Q: You were looked at as a key component going into the Ohio State staff as somewhat of a "guru" of defending spread offenses?
Beckman: No guru staff, but when you practice against it every day and Greg Brandon also did it at Bowling Green you know how to defend it or you think you know how to defend it. You have some ideas and it is taking away the quarterback. The Vince Youngs and what they did at Texas there is what you are up against. In my opinion you have to create different looks to the quarterback. It might be a coverage look, it might be a movement look, a new read, or it can be pressure. It doesn't always have to be pressure. You have got to be able to give that quarterback different things that he must read or key. It goes back to me. It goes back to the old schemes of offenses when Woody (Hayes) was running it. They are running a option-based running game. They are reading a defensive lineman like they did in the split back veer and you have to create different looks for that quarterback.

Q: I have heard you like to be creative on the back end?
Beckman: I think again it comes from the disguise. If the quarterback can read what you are doing under center or back in the gun with an early look then I think you are in trouble. I feel that you have to show thred-deep, two-deep schemes. You have to be able to zone pressure, man pressure, and you have to create different pictures for the quarterback. I know the quarterbacks in this league are great, just like the ones in the Big 10, and you give them a two-deep look all game long then they are going to eat you up. We used Tampa, we did it all. We were a man, Tampa, the old two, quarters, probably not as much quarters as I was accustomed to at Bowling Green, and then inverting the safeties into the box is th other thing that has been very beneficial.

Q: What about the front end of the defense?
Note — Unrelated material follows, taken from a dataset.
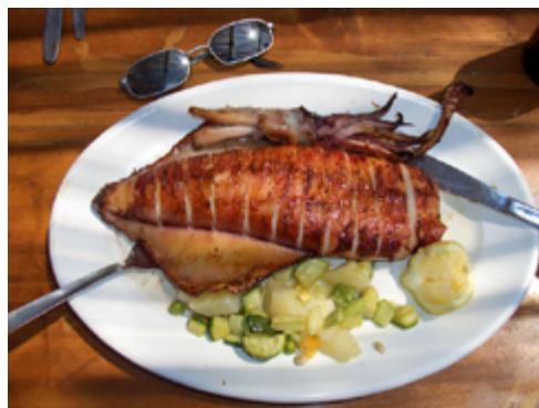
Imagen N° 2: Otras formas populares de consumo de calamar, a la plancha (izquierda) y relleno

productos del mar, los calamares frescos no suelen ser cocinados en las casas de los turcos ya que en general no se sabe cómo limpiarlo y prepararlo, siendo preferido en las casas en las que se consume el calamar congelado.
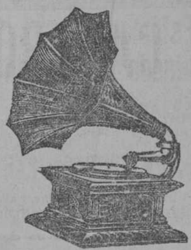
"COLUMBIA" NUM. 4.

TENEMOS ESPECIAL INTERES EN ALEGRAR LOS HOGARES DE CUBA

Beckman: We are going to be in a four-man (front) and then all of a sudden we'll be in a three-man. With our personnel you can easily change by standing up one of those defensive linemen and being in a three-man front. Give them different pictures no matter who is making that call whether it is the center or the quarterback. Whoever is making those protection calls that if you give them different looks that will create different problems for them, a guessing game. We have to get on top of the guessing game. To me it is being able to be multiple and keep it simple so that the kids can understand what we are doing.